The article also mentions previous studies that have found a connection between drinking coffee and reduced incidence of Parkinson's.


2. Kids - This delicately worded article suggests that the "empty nest syndrome" is a myth:

[D]espite the common worry that long-married couples will find themselves with nothing in common, the new research, published in November in the journal Psychological Science, shows that marital satisfaction actually improves when the children finally take their exits.

"It's not like their lives were miserable," said Sara Melissa Gorchoff, a specialist in adult relationships at the University of California, Berkeley. "Parents were happy with their kids. It’s just that their marriages got better when they left home."

While that may not be surprising to many parents, understanding why empty nesters have better relationships can offer important lessons on marital happiness for parents who are still years away from having a child-free house.

Indeed, one of the more uncomfortable findings of the scientific study of marriage is the negative effect children can have on previously happy relationships. Despite the popular notion that children bring couples closer, several studies have shown that marital satisfaction and happiness typically plummet with the arrival of the first baby.

In June, The Journal of Advanced Nursing reported on a study from the University of Nebraska College of Nursing that looked at marital happiness in 185 men and women.
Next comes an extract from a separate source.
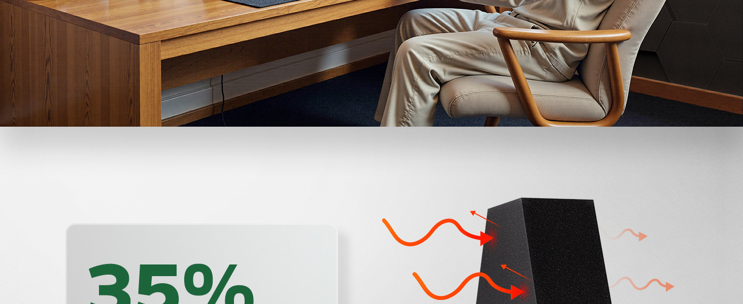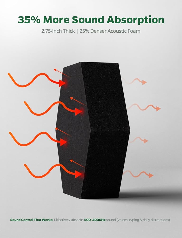 امتصاص الصوت بنسبة 35 ٪: تتميز ألواح الرغوة الصوتية الخاصة بنا بتصميم كثيف لامتصاص أفضل بنسبة 35 ٪ ، مما يقلل بشكل فعال من أصداء وانعكاسات. يوفر مساحات صوتية أكثر وضوحًا وغامرة وأكثر هدوءًا مع دليل على الصوت المعتدل.

Scores declined starting in pregnancy, and remained lower as the children reached 5 months and 24 months. Other studies show that couples with two children score even lower than couples with one child. ...
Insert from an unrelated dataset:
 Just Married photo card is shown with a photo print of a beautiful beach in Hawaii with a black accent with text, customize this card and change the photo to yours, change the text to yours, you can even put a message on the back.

"Kids aren't ruining parents’ lives," Dr. Gorchoff said. “It’s just that they’re making it more difficult to have enjoyable interactions together."
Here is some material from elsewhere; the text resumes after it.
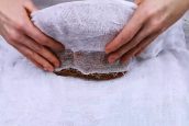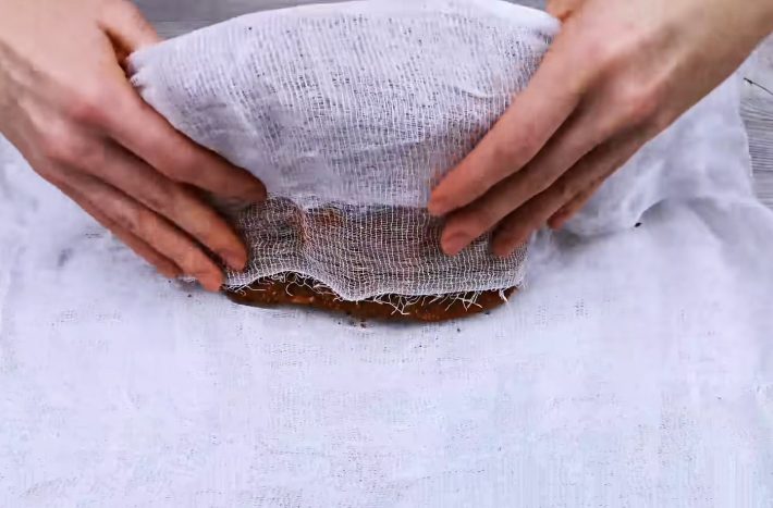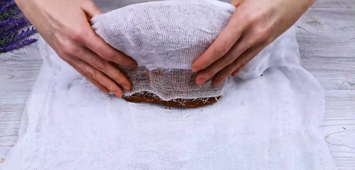 Gázu poskládejte do několika vrstev, aby vytvořila obdélník. Na něj položte maso obalené kořením a zabalte jej do gázy tak, abyste vytvořila na všech stranách masa silnou a nepropustnou vrstvu, skrze níž nebude maso vůbec prosvítat. Gázový balíček s masem pak převažte provázkem tak, aby byly jednotlivé pramínky jen pár centimetrů od sebe a důkladně tak přitiskly gázu na celou plochu masa.

RELATED: Would having children make me happier?

IN THE COMMENTS: Jeff says:
With respect to the "Empty Nest Syndrome" study, all I can say at this point is that I'm REALLY looking forward to testing its result.

Wednesday, August 6, 2008

Would having children make me happier?

I don't know the answer to that, of course. But it'd be pretty useful to know!

So this is a welcome finding -- not because I necessarily agree with the conclusion, but because the question is so emotionally charged that it's refreshing to see someone even attempt to answer it objectively:

"Parents experience lower levels of emotional well-being, less frequent positive emotions and more frequent negative emotions than their childless peers," says Florida State University's Robin Simon, a sociology professor who's conducted several recent parenting studies, the most thorough of which came out in 2005 and looked at data gathered from 13,000 Americans by the National Survey of Families and Households. "In fact, no group of parents—married, single, step or even empty nest—reported significantly greater emotional well-being than people who never had children. It's such a counterintuitive finding because we have these cultural beliefs that children are the key to happiness and a healthy life, and they're not."
Responding to Will Wilkinson's blog post on that study, Megan McArdle says: "I don't understand why Will Wilkinson finds this" -- that is, the study's findings -- "so surprising."

I don't understand why McArdle finds Wilkinson so surprised! I don't see the slightest expression of surprise in Wilkinson's post.

On the contrary, it seems like he has a pretty unflinchingly realistic take on the whole thing:
[T]he profundity of the experience of loving a child I think blinds many people to the very real costs of raising them. To accept that we have been made less happy in a real sense by our children threatens our sense of the profundity and the value of that bond. So people get upset when they hear this. But that’s not counter-evidence.
Those last two sentences are ones I had to re-read a few times to make sure I absorbed them. This is a key point that's often overlooked: your visceral aversion to an idea doesn't mean the idea is wrong.